At every stop, from the watermelon elephant in front of Whole Foods to the woolly mammoth in front of the National Geographic Society, the animals interrupt the cityscape with a sense of the unexpected.

"Hey, it's like summer reading," said Elizabeth Broun, director of the Smithsonian's National Museum of American Art. "You can read Heisenberg's theories of quantum mechanics all you want, but in the summer, we all want a great mystery novel." Sharon Roy Finch, an artist whose elephant depicting Washington's monuments guards the Delta Shuttle at Reagan National Airport, thinks the animals are beloved because they're so big. "There's something engaging about being eye-to-eye with an animal," she said. "It makes you feel like a toddler again, looking a golden retriever in the eye."

But Blake Gopnik, chief art critic for the Washington Post, thinks they are far too small. "Give me a real, life-sized Indian elephant on every corner, I would have gone for that," he said. "These look like oversized key chains." Gopnik thinks so little of the animals that he has no plans to write about them. "Either they're not art or they are, in which case they're incredibly bad."

Trend Started in Zurich

Although Chicago is credited with starting the animals-as-public-art craze, installing 300 cows on parade in 1999 as a tribute to the town's gritty history as a meat-packing capital, the trend actually got its start in Switzerland a year earlier, when cows appeared on the streets of Zurich. Ever since, cities have been experimenting with animals that wink: In New Orleans, it was giant fish; Cincinnati did pigs. New York did cows; Toronto, moose; Santa Fe, horses; and Cincinnati, hogs. Miami Beach, perhaps the most self-amused, did 8-foot fiberglass pink flamingos. Los Angeles, naturally, did angels.

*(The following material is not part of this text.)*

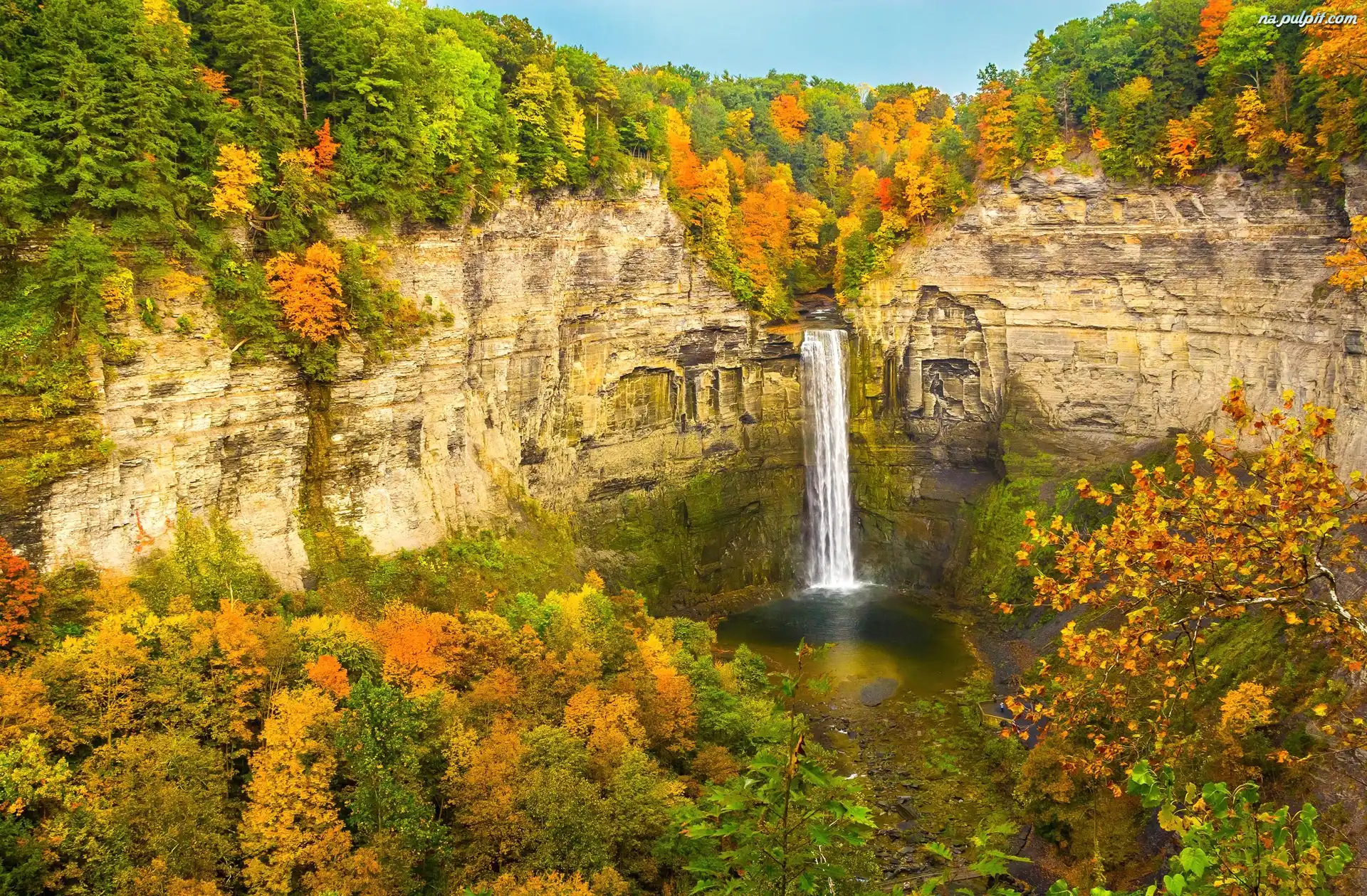 Stany Zjednoczone, Drzewa, Stan Nowy Jork, Taughannock Falls, Wodospad, Jesień, Skały Na Pulpit

In most cities, the installations went off without a hitch, but this is Washington, where anything worth doing is worth having political squabbles over.

First, the Green Party protested that the nation has more than two parties. The Greens pointed out that in the last presidential election, Ralph Nader, a Green, took 6% of the vote in heavily Democratic Washington, D.C., while George W. Bush, a Republican, got 9%. Party officials wanted the D.C. Commission on the Arts and Humanities to decorate the streets with 100 sunflowers--their party emblem. A judge ruled that the animals were not political speech but art. Case dismissed.

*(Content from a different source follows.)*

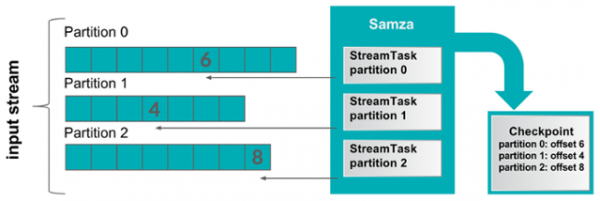 Kafka 는 아래 그림에서 처럼 input stream 의 partition 별로 offset을 저장하는데, Samza 는 이 offset 값을 모니터링 하다가 데이터 처리를 실패하게 되면 이 offset 값을 참조하여 실패한 데이터에 대한 재처리를 하게 됩니다. 문제는 offset 이 기록된 이후 새로운 offset 을 남기기 전까지 어떤 메세지까지 처리되었는지를 알 수 없게 되며, 장애 발생 시 offset 시점 이후 데이터를 재처리 하게되면 두번씩 처리되게 되는 경우가 발생할 수 있습니다(이러한 데이터 전달 방식을 At least once 라고 부릅니다).
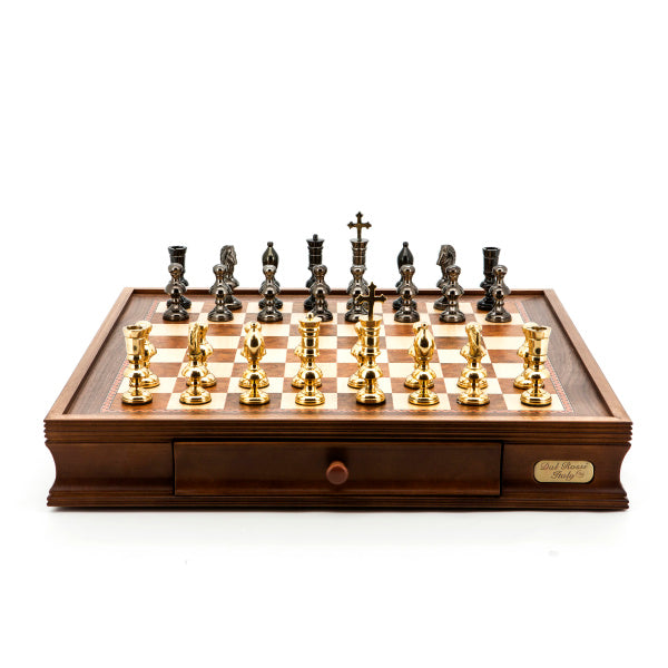 Dal Rossi Italy Chess Set Walnut Finish 20″ With Two Drawers, With Metal Dark Titanium and Gold Chessmen 110mm

(In fact, the commission considered other animals before settling on the party animals. There was some discussion of pandas--the National Zoo's top draw--and someone suggested squirrels, although as the Daily Oklahoman commented, "That was wisely rejected. When you think of squirrels, you think of nuts, and then you think of Congress.")

PETA sued the commission for rejecting its designs: a shackled circus elephant with a tear running down its face and a bull hook in its side. Hiring New Yorker magazine artist Harry Bliss, PETA designed an elephant to represent the "miserable, deprived, and broken animals used in circuses ... forced to perform uncomfortable, confusing, and often painful acts over and over again under the threat of thrashings with a bull hook." The commission rejected the design because it had a political message, even though other animals--like the "Time for Heroes" elephant clearly had something to say.

"This is discrimination based on message," said Arthur Spitzer, the ACLU lawyer handling the case for PETA. Public art, he said, "is not a forum for just happy speech."